Имя параметра:--keymode

Значения параметра:kvmi, kvsi, cfgf

Обязательный: нет. kvmi подразумевается по умолчанию.

Объяснение. Указывает, должны ли секреты (имя пользователя, пароль, идентификатор log analytics и общий ключ) храниться в локальном файле конфигурации или в Azure Key Vault. Кроме того, определяет, выполняется ли проверка подлинности в Azure Key Vault с помощью управляемого удостоверения, назначаемого системой Azure, или удостоверения зарегистрированного приложения Microsoft Entra.

Если задано значение kvmi, для хранения секретов используется Azure Key Vault и проверка подлинности в Azure Key Vault выполняется с помощью назначаемого системой управляемого удостоверения Azure для виртуальной машины.

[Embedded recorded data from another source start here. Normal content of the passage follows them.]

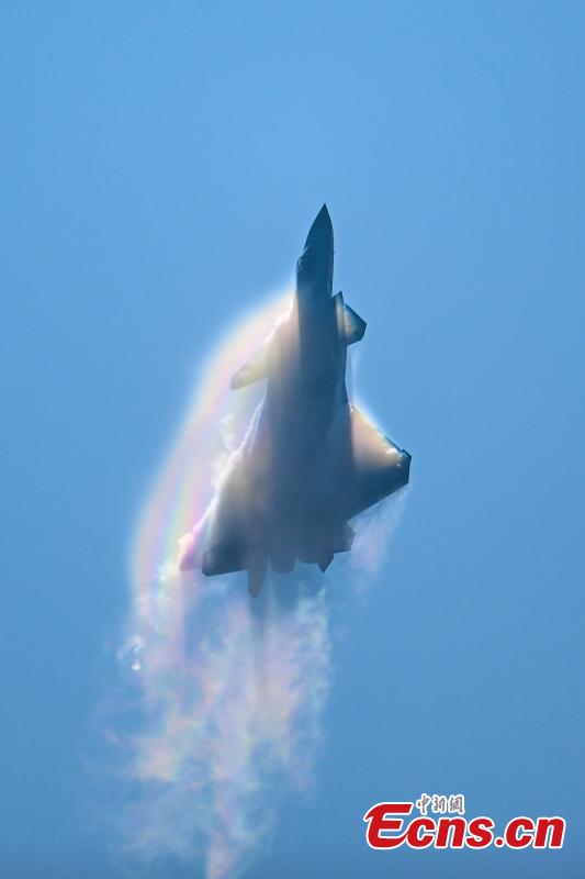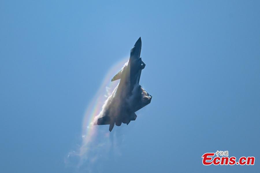 A China's J-20 fighter jet performs at the 14th China International Aviation and Aerospace Exhibition (Airshow China) in Zhuhai, south China's Guangdong Province, Nov. 10, 2022. (Photo: China News Service/Chen Jimin)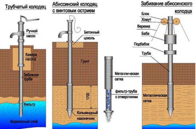 Puits à aiguilles ou puits abyssin - la profondeur atteint de 4 à 12 mètres. L'eau n'est pratiquement pas différente d'un puits. Il n'y a pas d'insectes ou d'objets étrangers dans le puits. Il peut être marqué en seulement 1 jour. Pour ce faire, un tuyau pointu est enfoncé dans le sol, qui ne pourra pas manquer l'eau supérieure. Pour la construction, vous aurez besoin d'une pompe aspirante pour la prise d'eau. Le puits est souvent aménagé dans les sous-sols. Dans un tel endroit, la source sera sous pression constante. Il n'a pas besoin de nettoyage supplémentaire. Tous les types de sol ne conviennent pas à un forage réussi. Une utilisation constante est nécessaire, sinon un envasement se produira.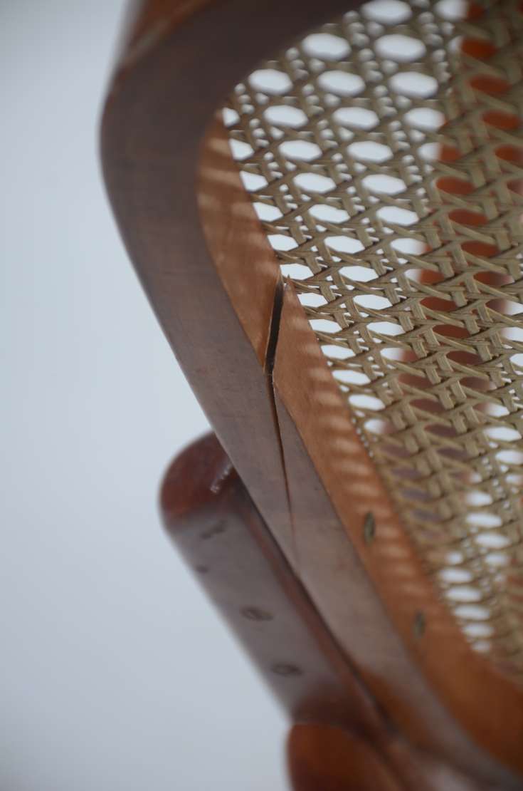 Cadeira baixa com braços de jacarandá, estilo Dom José, espaldar entalhado com cartelas e volutas, tabelas vazadas, a...

Если задано значение kvsi, Azure Key Vault используется для хранения секретов и проверки подлинности в Azure Key Vault выполняется с помощью удостоверения зарегистрированного приложения Microsoft Entra. Требуется --appid--appsecretиспользование режима и --tenantid значенийkvsi.

Если задано значение cfgf, файл конфигурации, хранящийся локально, используется для хранения секретов.

Режим подключения к серверу ABAP

Имя параметра:--connectionmode

Значения параметра:abap, mserv

Обязательный: нет. Если оно не указано, по умолчанию используется значение abap.

Объяснение. Определяет, как должен подключаться к серверу ABAP агент сборщика данных: напрямую или через сервер сообщений. Используйте abap для подключения агента непосредственно к серверу ABAP, имя которого можно определить с помощью --abapserver параметра (хотя если это не так, вам по-прежнему будет предложено). Для подключения через сервер сообщений используйте mserv. В этом случае необходимо задать параметры --messageserverhost, --messageserverport и --logongroup.

Расположение папки конфигурации

Имя параметра:--configpath

Значения параметра:<path>

Обязательный: нет. Если значение не указано, предполагается, что нужно использовать /opt/sapcon/<SID>.

Объяснение. По умолчанию Kickstart инициализирует файл конфигурации, устанавливая расположение метаданных в /opt/sapcon/<SID>. Задать альтернативное расположение конфигурации и метаданных можно с помощью параметра --configpath.

Адрес сервера ABAP

Имя параметра:--abapserver

Значения параметра:<servername>

Обязательный: нет. Если параметр не указан, а если для параметра режима подключения сервера ABAP задано abapзначение, вам будет предложено указать имя узла или IP-адрес сервера.

Объяснение. Используется, только если для режима подключения задано значение abap. Этот параметр содержит полное доменное имя (FQDN), короткое имя или IP-адрес сервера ABAP для подключения.

Номер экземпляра системы

Имя параметра:--systemnr

Значения параметра:<system number>

Обязательный: нет. Если это не указано, пользователю будет предложено ввести системный номер.

Объяснение. Позволяет задать номер экземпляра системы SAP для подключения.

ИД системы

Имя параметра:--sid

Значения параметра:<SID>

Обязательный: нет. Если это не указано, пользователю будет предложено ввести системный идентификатор.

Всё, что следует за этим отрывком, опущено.